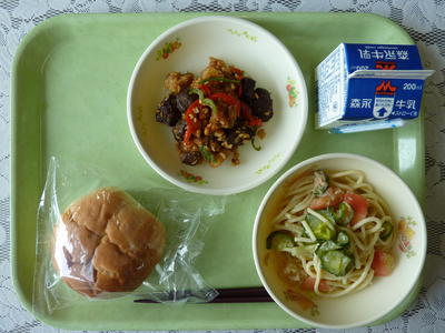 冷製スパゲティ、レバーのカシュナッツ炒め、パインパン、牛乳
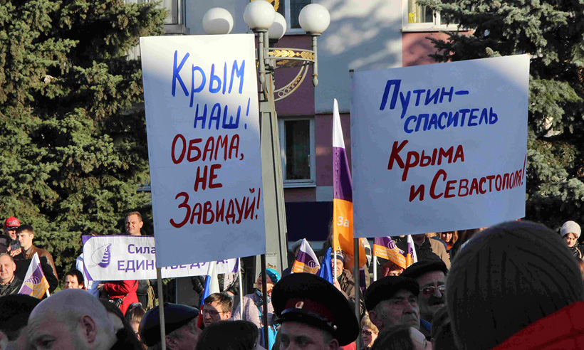 На площади Партизан собрались 7 тысяч наших земляков. Люди пришли, чтобы выразить свою поддержку воле крымчан вернуться в состав Российской Федерации. Ровно год назад на референдуме жители Крыма приняли единодушное решение стать частью огромной и великой страны.
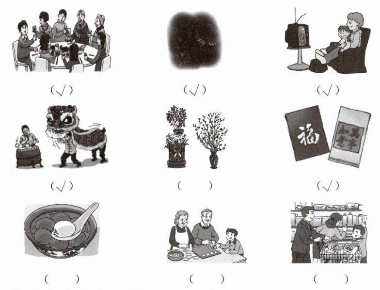一、根据所听内容,在相应的图片下打“√”,听一遍。

# [TASK DIRECTIONS]
Every line from the one with "На площади Партизан" through the last line of the material gets printed exactly, and nothing more. Omit the pictures.

# [THE ANSWER]
 На площади Партизан собрались 7 тысяч наших земляков. Люди пришли, чтобы выразить свою поддержку воле крымчан вернуться в состав Российской Федерации. Ровно год назад на референдуме жители Крыма приняли единодушное решение стать частью огромной и великой страны.
一、根据所听内容,在相应的图片下打“√”,听一遍。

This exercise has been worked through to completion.